The New Disruptors

The New Disruptors tells stories that provide practical inspiration about the way that creative people and producers connect with audiences to perform, cajole, convince, sell, and interact using new methods. Hosted by Glenn Fleishman, a freelance technology reporter and typographic historian. Produced by Aperiodical LLC.

https://newdisrupt.org/

subscribe
share






episode 10: Go Home at 5 O’Clock with Jason Fried


Jason Fried co-founded 37signals, a Web design company that found one of its internal tools for managing projects could be something effectively used by others. Millions of users later, 37signals offers Basecamp (overhauled substantially a year ago), Campfire, and Highrise among other services. The founders not only transformed their business, but routinely help others transform theirs.

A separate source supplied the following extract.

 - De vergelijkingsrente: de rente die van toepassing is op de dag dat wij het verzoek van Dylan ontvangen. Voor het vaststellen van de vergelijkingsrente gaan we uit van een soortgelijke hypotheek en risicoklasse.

Fried collaborated on a book called Rework that distills years of what he learned from running a successful company and helping others with theirs.

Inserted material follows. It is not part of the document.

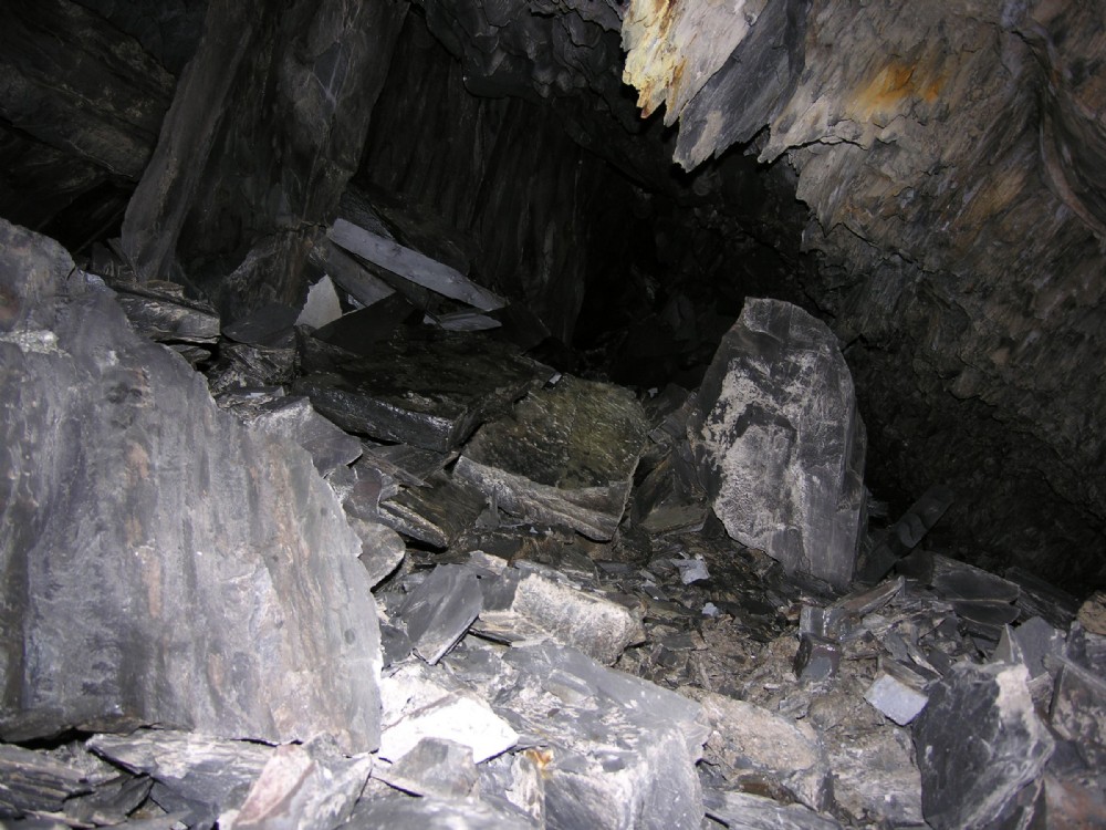 A general view inside the void left by the roof collapse in the floor 8 adit. This area is very close to the surface and the collapse will be due to the untopping.

You can look at and sign up for Basecamp as a trial subscription, but this episode isn't a product plug; Basecamp fits the disruption mindset. Microsoft Project is perfectly fine software for companies that have employees in one place and need the top-down approach. Software as a service (SaaS) typically involves an application you access via the Web for which data is stored centrally, and updates to the software happen centrally as well. Salesforce, an early SaaS alternative to enterprise-licensed and -managed software, was founded in 1999, and had risen as a force that defined the industry by the time Basecamp came out. Rework may be purchased from Amazon.com and many other fine bookstores.

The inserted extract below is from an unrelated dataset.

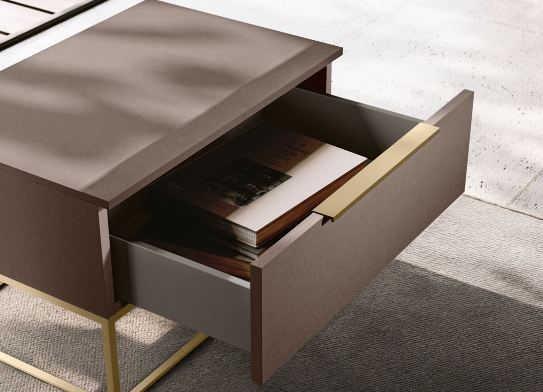 Un gruppo definito dalla leggerezza della struttura in ottone che caratterizza il comodino, il comò e il settimino.

Glenn brought up three concepts relating to 37signals' work: The Cathedral and the Bazaar, Eric S. Raymond's explanation of the difference between software code controlled by a handful of priests and that in the marketplace that's open to all; The Cluetrain Manifesto, a provocative set of theses that turned into a revolution and a book by declaring, among other things, that markets are conversations; and Stephen Jay Gould's use of the term hecatomb to explain evolution's remorseless pruning of failed mutations.